• _Task goal_: Where the line containing "Beautiful 4.82 Cts" appears below, start there and repeat each line exactly to the end. Leave the pictures out.

• _The data_:
_____

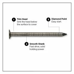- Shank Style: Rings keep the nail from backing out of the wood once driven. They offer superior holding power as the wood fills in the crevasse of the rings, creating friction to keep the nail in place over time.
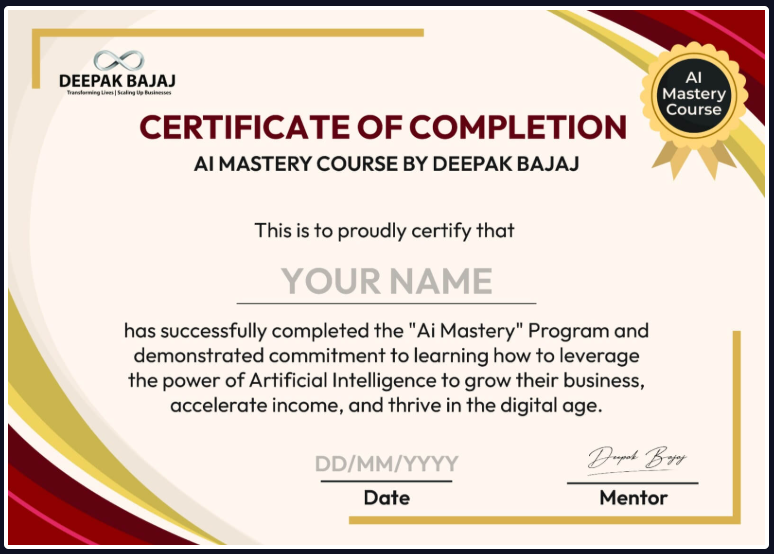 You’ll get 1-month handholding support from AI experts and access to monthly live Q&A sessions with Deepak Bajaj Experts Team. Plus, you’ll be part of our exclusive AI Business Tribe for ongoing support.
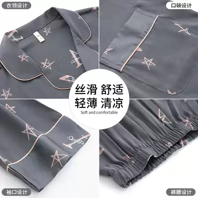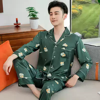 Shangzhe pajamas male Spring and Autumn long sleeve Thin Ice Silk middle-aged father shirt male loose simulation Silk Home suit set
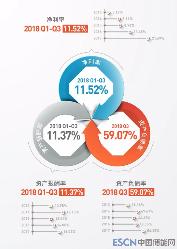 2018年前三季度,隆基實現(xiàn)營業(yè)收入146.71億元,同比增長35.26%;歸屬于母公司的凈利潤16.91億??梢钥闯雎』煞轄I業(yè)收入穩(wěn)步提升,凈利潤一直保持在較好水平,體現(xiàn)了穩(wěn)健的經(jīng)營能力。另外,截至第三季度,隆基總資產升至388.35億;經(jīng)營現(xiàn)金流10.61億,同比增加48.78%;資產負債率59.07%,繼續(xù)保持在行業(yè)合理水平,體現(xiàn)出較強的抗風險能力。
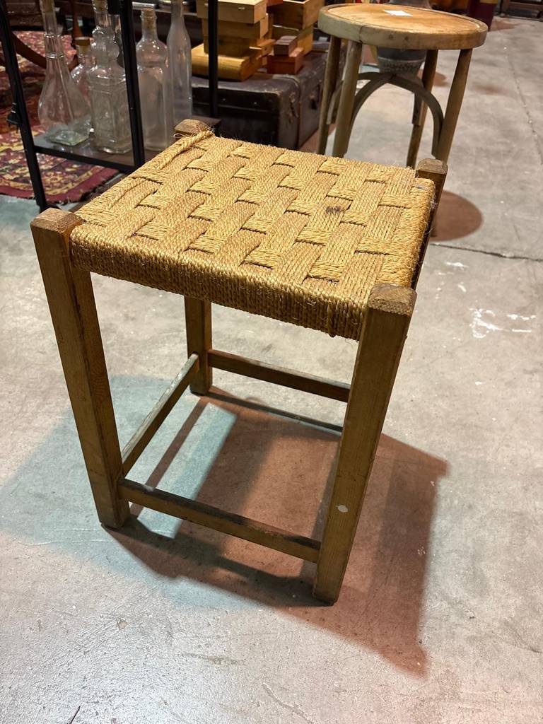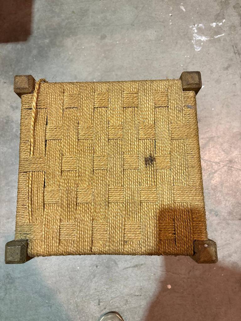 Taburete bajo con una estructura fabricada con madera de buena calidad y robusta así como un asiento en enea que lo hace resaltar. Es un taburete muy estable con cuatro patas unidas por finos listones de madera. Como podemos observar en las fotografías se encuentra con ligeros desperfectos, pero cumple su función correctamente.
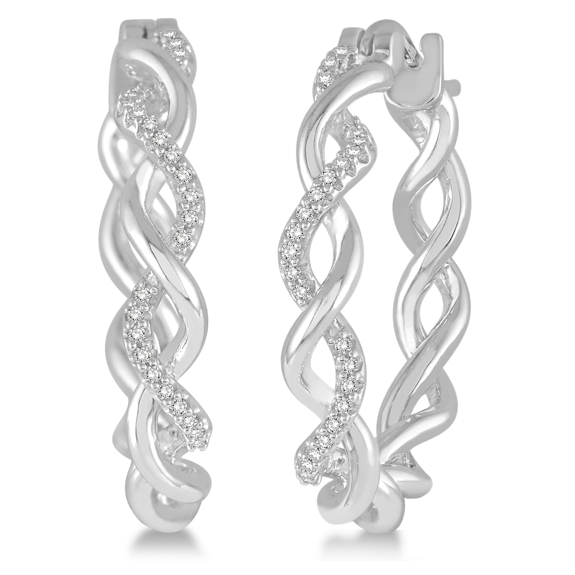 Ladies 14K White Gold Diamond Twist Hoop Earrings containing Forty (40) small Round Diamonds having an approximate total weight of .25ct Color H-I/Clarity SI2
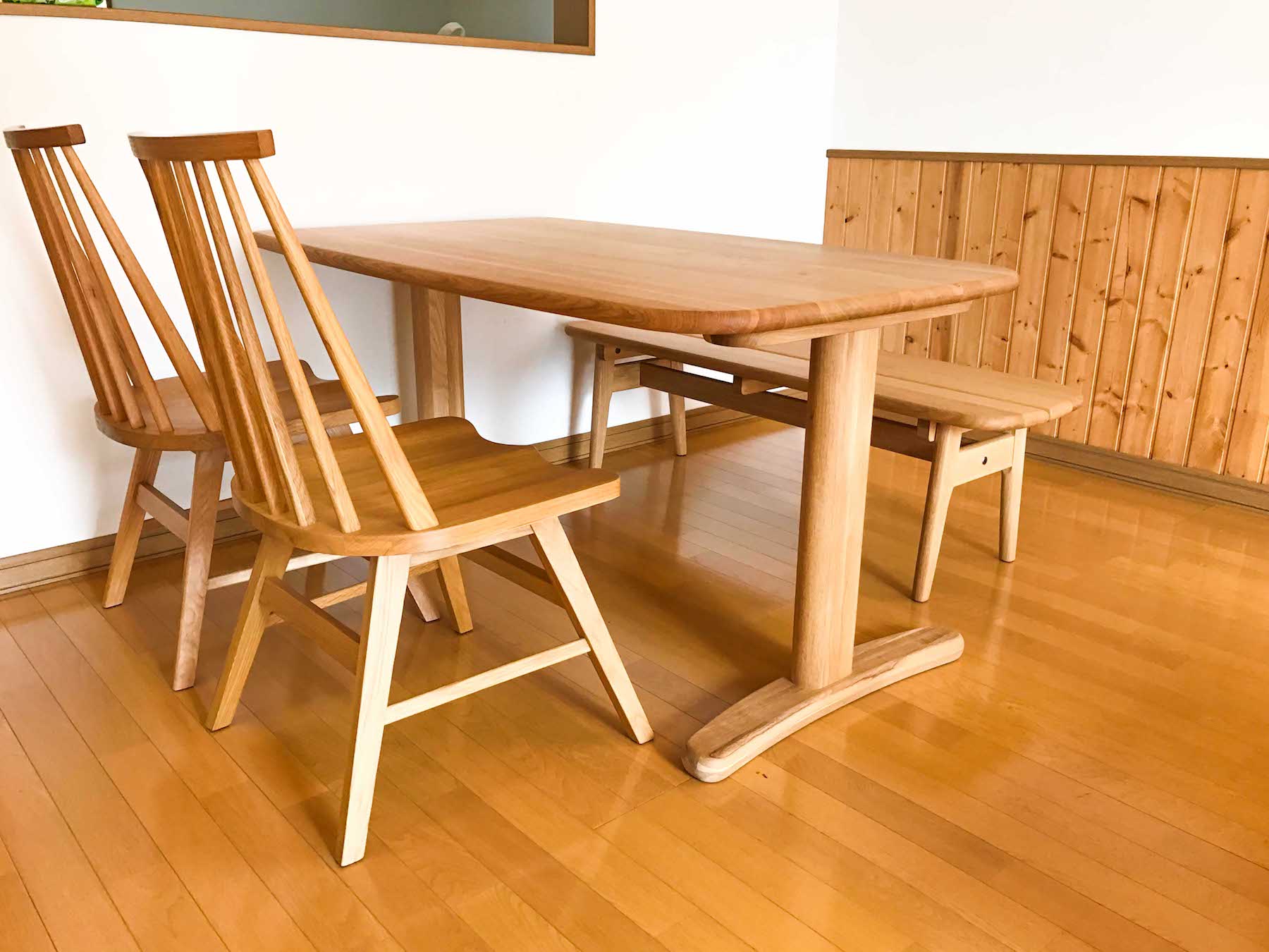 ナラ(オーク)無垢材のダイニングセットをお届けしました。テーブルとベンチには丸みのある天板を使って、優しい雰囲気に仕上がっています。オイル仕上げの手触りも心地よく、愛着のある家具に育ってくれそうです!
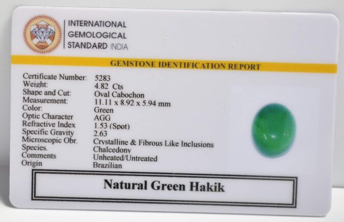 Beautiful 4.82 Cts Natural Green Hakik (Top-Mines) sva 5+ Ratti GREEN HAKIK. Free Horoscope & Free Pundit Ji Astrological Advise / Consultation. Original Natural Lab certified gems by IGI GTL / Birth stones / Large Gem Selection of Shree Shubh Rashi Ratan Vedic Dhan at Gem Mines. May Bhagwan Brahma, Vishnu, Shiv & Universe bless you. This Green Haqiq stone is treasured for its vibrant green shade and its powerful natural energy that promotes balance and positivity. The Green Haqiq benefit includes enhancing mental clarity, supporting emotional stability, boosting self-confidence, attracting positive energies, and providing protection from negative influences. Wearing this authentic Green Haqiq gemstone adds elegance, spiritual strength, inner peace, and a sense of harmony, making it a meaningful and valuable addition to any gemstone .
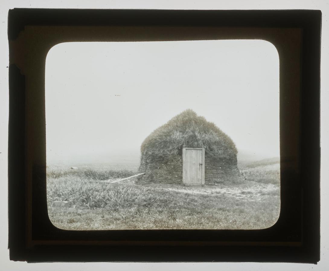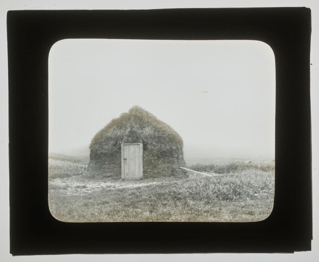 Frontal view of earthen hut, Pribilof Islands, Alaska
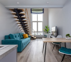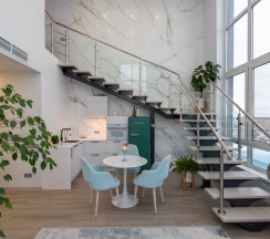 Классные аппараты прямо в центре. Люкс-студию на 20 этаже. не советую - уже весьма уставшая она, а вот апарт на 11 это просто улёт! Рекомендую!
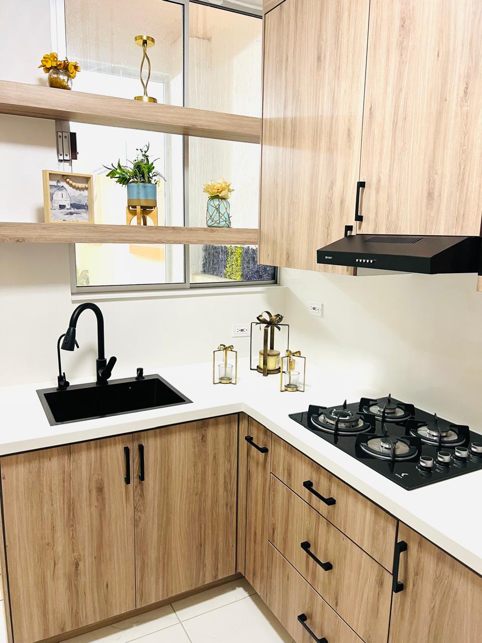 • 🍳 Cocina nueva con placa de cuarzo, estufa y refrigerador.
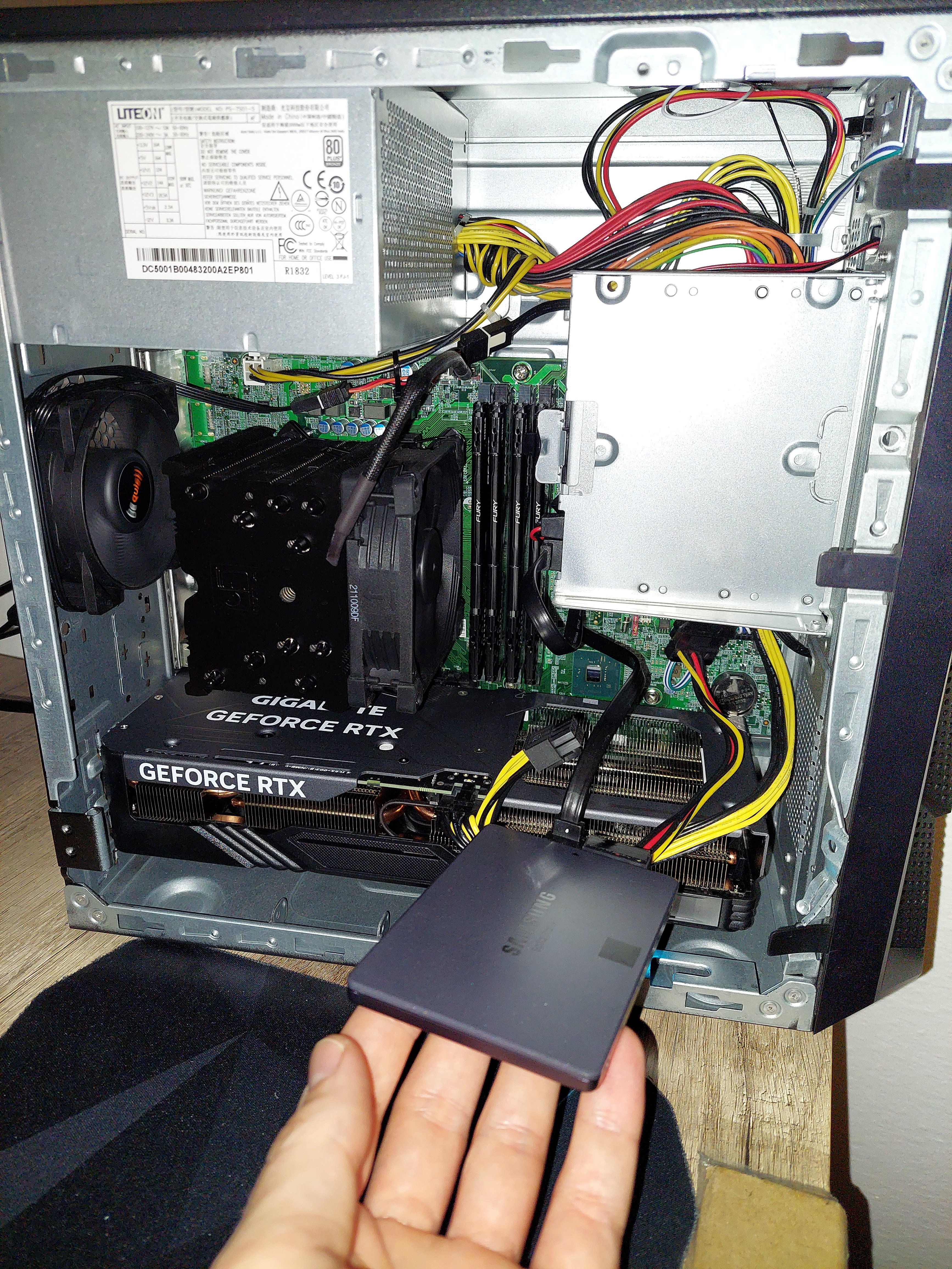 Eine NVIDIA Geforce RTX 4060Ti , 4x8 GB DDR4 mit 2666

_____

• _Expected answer_:
 Beautiful 4.82 Cts Natural Green Hakik (Top-Mines) sva 5+ Ratti GREEN HAKIK. Free Horoscope & Free Pundit Ji Astrological Advise / Consultation. Original Natural Lab certified gems by IGI GTL / Birth stones / Large Gem Selection of Shree Shubh Rashi Ratan Vedic Dhan at Gem Mines. May Bhagwan Brahma, Vishnu, Shiv & Universe bless you. This Green Haqiq stone is treasured for its vibrant green shade and its powerful natural energy that promotes balance and positivity. The Green Haqiq benefit includes enhancing mental clarity, supporting emotional stability, boosting self-confidence, attracting positive energies, and providing protection from negative influences. Wearing this authentic Green Haqiq gemstone adds elegance, spiritual strength, inner peace, and a sense of harmony, making it a meaningful and valuable addition to any gemstone .
 Frontal view of earthen hut, Pribilof Islands, Alaska
 Классные аппараты прямо в центре. Люкс-студию на 20 этаже. не советую - уже весьма уставшая она, а вот апарт на 11 это просто улёт! Рекомендую!
 • 🍳 Cocina nueva con placa de cuarzo, estufa y refrigerador.
 Eine NVIDIA Geforce RTX 4060Ti , 4x8 GB DDR4 mit 2666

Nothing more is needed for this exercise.